Critical Accounting Policies
In presenting our financial statements in conformity with generally accepted accounting principles, we are required to make estimates and assumptions that affect the amounts reported therein. Several of the estimates and assumptions we are required to make relate to matters that are inherently uncertain as they pertain to future events. However, events that are outside of our control cannot be predicted and, as such, they cannot be contemplated in evaluating such estimates and assumptions. If there is a significant unfavorable change to current conditions, it could result in a material adverse impact to our combined results of operations, financial position and liquidity. We believe that the estimates and assumptions we used when preparing our financial statements were the most appropriate at that time.

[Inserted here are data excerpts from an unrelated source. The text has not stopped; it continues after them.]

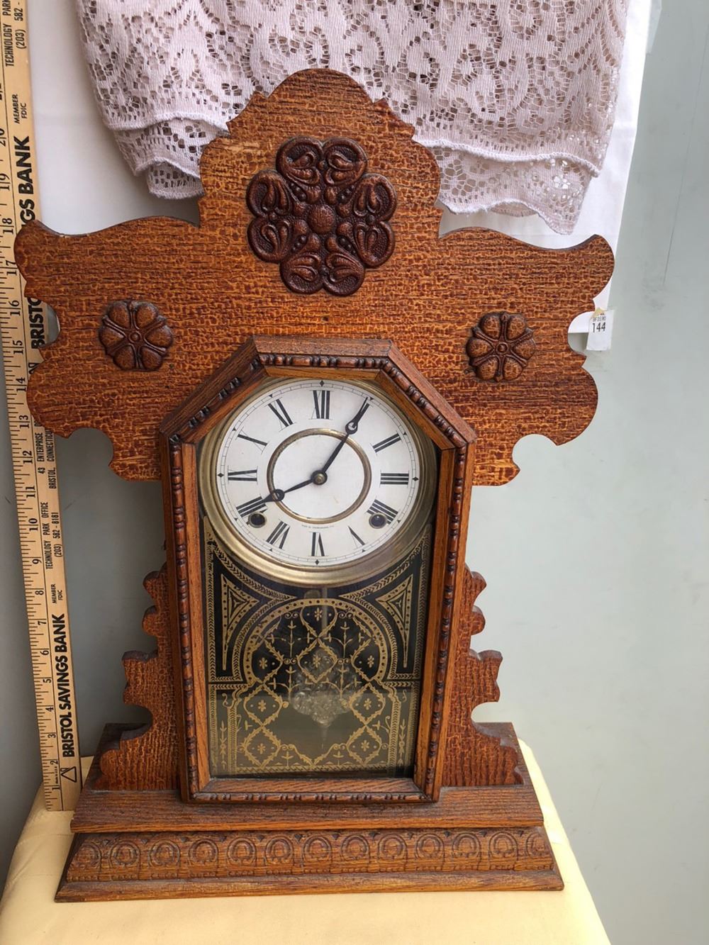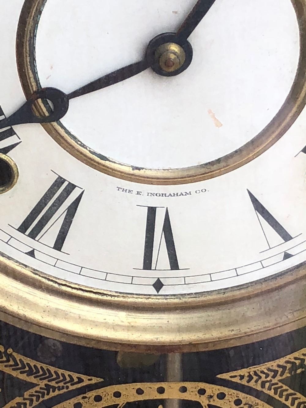 E. Ingraham Co., Bristol, CT, Gingerbread shelf clock. Ornate glass and pendulum. Clock is part of Chatham, MA clock collection.
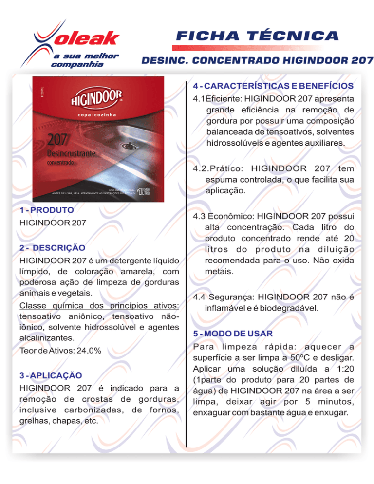 FICHA TÉCNICA DESINC. CONCENTRADO HIGINDOOR 207 H2071L 4 - CARACTERÍSTICAS E BENEFÍCIOS 207 Desincrustrante concentrado USO INSTITUCIONAL. ANTES DE USAR, LEIA ATENTAMENTE AS INSTRUÇÕES DO RÓTULO. 1 - PRODUTO HIGINDOOR 207 2 - DESCRIÇÃO HIGINDOOR 207 é um detergente líquido límpido, de coloração amarela, com poderosa ação de limpeza de gorduras animais e vegetais. Classe química dos princípios ativos: tensoativo aniônico, tensoativo nãoiônico, solvente hidrossolúvel e agentes alcalinizantes. Teor de Ativos: 24,0% 3 - APLICAÇÃO HIGINDOOR 207 é indicado para a remoção de crostas de gorduras, inclusive carbonizadas, de fornos, grelhas, chapas, etc. 4.1Eficiente: HIGINDOOR 207 apresenta grande eficiência na remoção de gordura por possuir uma composição balanceada de tensoativos, solventes hidrossolúveis e agentes auxiliares. 4.2.Prático: HIGINDOOR 207 tem espuma controlada, o que facilita sua aplicação. 4.3 Econômico: HIGINDOOR 207 possui alta concentração. Cada litro do produto concentrado rende até 20 litros do produto na diluição recomendada para o uso. Não oxida metais. 4.4 Segurança: HIGINDOOR 207 não é inflamável e é biodegradável. 5 - MODO DE USAR Para limpeza rápida: aquecer a superfície a ser limpa a 50ºC e desligar. Aplicar uma solução diluída a 1:20 (1parte do produto para 20 partes de água) de HIGINDOOR 207 na área a ser limpa, deixar agir por 5 minutos, enxaguar com bastante água e enxugar. Para limpeza profunda: aquecer a peça a 70ºC e desligar. Aplicar uma solução diluída a 1:20 (1parte do produto para 20 partes de água) de HIGINDOOR 207 na área a ser limpa, deixar agir de 15 minutos à 1 hora. Enxaguar com bastante água e enxugar. Para limpeza em superfícies especiais ou utensílios muito impregnados, fazer teste com HIGINDOOR 207, em diluições diferentes, para saber em qual diluição o produto deve ser utilizado. 7 - ANÁLISES TÍPICAS - Cor ................................amarela - Odor característico ........glicólico - Dens. a 20/4°C (g/cm³)...1,035 a 1,045 - pH do produto puro ........11,5 a 12,5 8 - COMPOSIÇÃO ! Nonilfenol etoxilado 9,5 MOE; ! Butilglicol; ! Ácido dodecilbenzeno sulfônico; ! EDTA tetrassódico;; ! Hidróxido de sódio; ! Conservante; 6 - MANUSEIO E ESTOCAGEM ! Corante CI19140; - Manter a embalagem sempre bem fechada; ! Água. - Evitar estocar sob temperaturas elevadas e em presença de luz; 9 - APRESENTAÇÃO - Não reutilizar a embalagem vazia; - Enxaguar bem as mãos após o uso; - Em caso de contato com os olhos, lavá-los com água em abundância; - Em caso de ingestão, não provocar o vômito. Consultar o centro de intoxicações ou serviço de saúde (0xx11 50115111) mais próximo; ! Caixas contendo 12 frascos plásticos com 1 litro cada. 11 - REGISTRO E DOCUMENTAÇÃO • Produto notificado na ANVISA/MS. • Ficha de segurança - MSDS (Material Safety Data Sheet) disponível. - Evite o contato do produto com superfícies pigmentadas, como roupas coloridas, pois o cloro é um oxidante forte e pode danificá-las. Oleak Indústria e Comércio Ltda Rua Rondônia, 186 - Cotia - SP - CEP 06703.710 - Fax: (11) 4616.0138 [email protected] tel: (11) 4616.0855
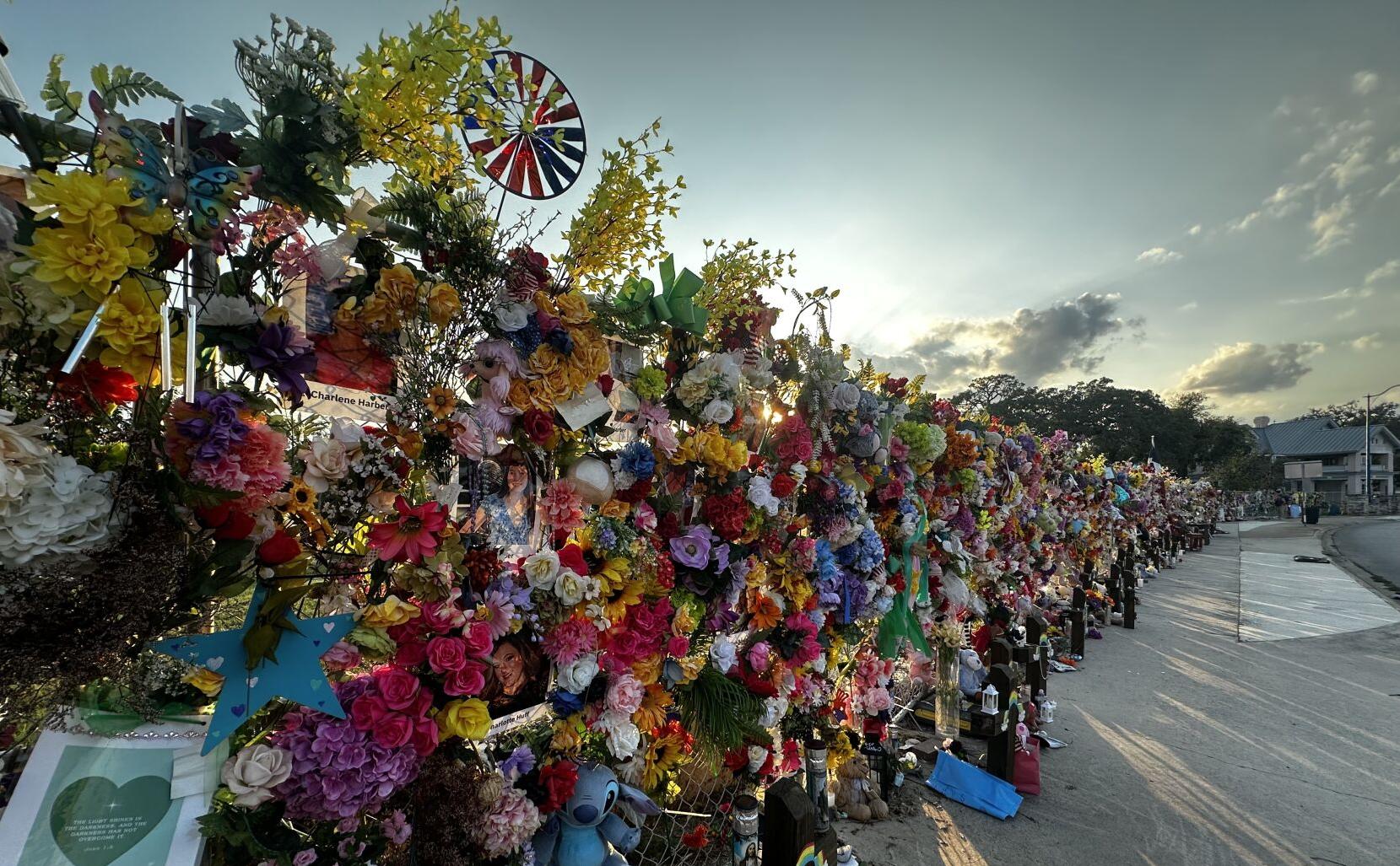 A now 50-foot memorial wall on Water Street in Kerrville also pays tribute to victims. Decorated with flowers, photos, T-shirts left by Christian relief workers with Bible verses written on them, mini-crocheted prayer blankets, it’s also anchored with small wooden crosses lining the pavement. Known as the “Wall of Hope,” it was started by Miami-based artist Leo Soto and visitors continue to add to it.

These Condensed Consolidated Financial Statements should be read in conjunction with the Consolidated Financial Statements included in the Annual Report on Form 10-K for the year ended December 31, 2011, which includes a description of our critical accounting policies that involve subjective and complex judgments that could potentially affect reported results.
Recently Adopted Accounting Pronouncements
See Note 1 of the Notes to the Condensed Consolidated Financial Statements for a discussion of recently adopted accounting pronouncements.
Item 3.    Quantitative and Qualitative Disclosures about Market Risks.
Our principal market exposure is interest rate risk. At September 30, 2012, our primary interest rate exposure was to interest rate fluctuations in the United States, specifically LIBOR, due to its impact on our variable rate borrowings. Due to our senior secured credit facility which is benchmarked to U.S. LIBOR, this rate will be the primary market risk exposure for the foreseeable future. We do not have significant exposure to foreign currency risk nor do we expect to have significant exposure to foreign currency risk in the foreseeable future.
We assess our market risk based on changes in interest rates utilizing a sensitivity analysis. The sensitivity analysis measures the potential impact on earnings, fair values and cash flows based on a hypothetical 10% change (increase and decrease) in interest rates. In performing the sensitivity analysis, we are required to make assumptions regarding the fair values of relocation receivables and advances and securitization borrowings, which approximate their carrying values due to the short-term nature of these items. We believe our interest rate risk is further mitigated as the rate we incur on our securitization borrowings and the rate we earn on relocation receivables and advances are based on similar variable indices.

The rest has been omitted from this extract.